The weakening of the modes

A final phenomenon in early 15th-century harmonic practice clearly foreshadowed the end of the ancient modal system in favour of the major and minor modes of the later common practice period. The old modes were used by composers of the time, and they persisted to some extent until the end of the 16th century. But their purity became undermined by a growing tendency to introduce additional notes outside the mode. This was achieved by writing either a flat or sharp sign into the manuscript, or by leaving the performer to understand that he was expected to improvise accordingly. The effect of this musica ficta (Latin: “invented music”), as the technique of introducing nonmodal notes was called, was to break down the distinction between modes. A mode owes its distinctive character to its specific pattern of whole and half steps. Introducing sharps and flats upsets the mode’s normal pattern by placing half steps at unusual points. In many cases the resulting change made one mode resemble another. For example, adding an F♯ to the medieval Mixolydian mode (from G to G on the white keys of the piano) made that mode’s intervals identical with those of the Ionian mode (from C to C on the white keys), which in turn is identical with the modern major scale.

Likewise, adding a B♭ to the Dorian mode (from D to D) made its intervals equivalent to those of the Aeolian (A to A) mode, which is identical with one form of the modern minor scale. As this practice became increasingly prevalent, the major and minor modes gradually became predominant over the medieval church modes. The process is especially observable in the music of the late Renaissance.

New uses of dissonance

At the same time there emerged a more sophisticated attitude toward dissonance, favouring its use for expressive purposes. By the time of the Flemish Josquin des Prez, the leading composer of the Renaissance, contrapuntal music had assumed a more resonant texture through the use of four-, five-, and six-part writing instead of the older three-part scoring. The increased number of voices led to further enrichment of the harmony. A typical Josquin device using harmony for expressive purposes was the suspension, a type of dissonant harmony that resolved to a consonance. Suspensions arose from the chords occurring in contrapuntal music. In a suspension one note of a chord is sustained while the other voices change to a new chord. In the new chord the sustained, or “suspended,” note is dissonant. One or two beats later the suspended voice changes pitch so that it resolves into, or becomes consonant with, the chord of the remaining voices. The following illustration from Jean d’Okeghem’sMissa prolationum shows a suspension at the cadence.

The suspension, which became a standard musical device, creates tension because the expected harmony is delayed until the suspended voice resolves. Its use as the next to last chord of a cadence, or stopping point, was favoured by composers as a way to enhance, through dissonance resolving to consonance, the sense of completeness of the final chord. The use of suspensions indicates a growing awareness of chords as entities, rather than coincidences, that have expressive potential and of the concept that harmony moves through individual chords toward a goal. This concept was developed in the harmony of the common practice period.

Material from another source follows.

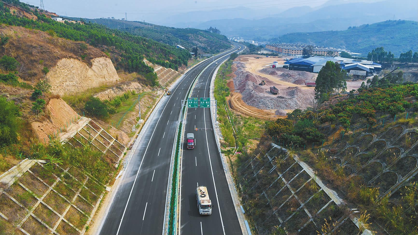 近日,工程运输车在永金高速红光段运送建设物资。

At the end of the 16th century there was an upheaval in musical style. Contrapuntal writing was frequently abandoned, and composers sought out a style that placed greater emphasis on an expressive melodic line accompanied, or supported, by harmonies. This style, called monody, brought about no marked changes in the harmonic language (the particular chords used), although such composers as the Italian Claudio Monteverdi did experiment with a heightened use of dissonance toward expressive ends. The major change at this time was in the conception of harmony. The bass line became the generating force upon which harmonies were built. It was often written out with figures below it to represent the harmonies to be built upon it. From this single line—plus figures, known variously as figured bass, basso continuo, or thorough bass—the accompanying instrumentalists were expected to improvise, or “realize,” a full harmonic underpinning for the melody of the topmost voice or voices. There was, thus, a polarization between the melodic and bass lines, with everything in the middle regarded as harmonic filling-in. This contrasts markedly with the older concept, in which all voices were regarded as of equal importance, with the harmony resulting from the interweaving of all parts.

Classical Western harmony

The approach to harmony according to which chords are purposely built up from their bass note marked the beginning of the common practice period of Western harmony. The transition began around 1600 and was nearly complete by 1650. Certain new concepts became important. These had their roots in the harmonic practices of the late Middle Ages and Renaissance and in the medieval modal system. They include the concepts of key, of functional harmony, and of modulation.

A key is a group of related notes belonging to either a major or minor scale, plus the chords that are formed from those notes, and the hierarchy of relationships among those chords. In a key the tonic, or keynote, such as C in the key of C—and thus the chord built on the keynote—is a focal point toward which all chords and notes in the key gravitate. This is a further development of the idea of a harmonic goal that appeared in the music of the late Renaissance and that ultimately developed from the medieval idea that modes have characteristic final notes.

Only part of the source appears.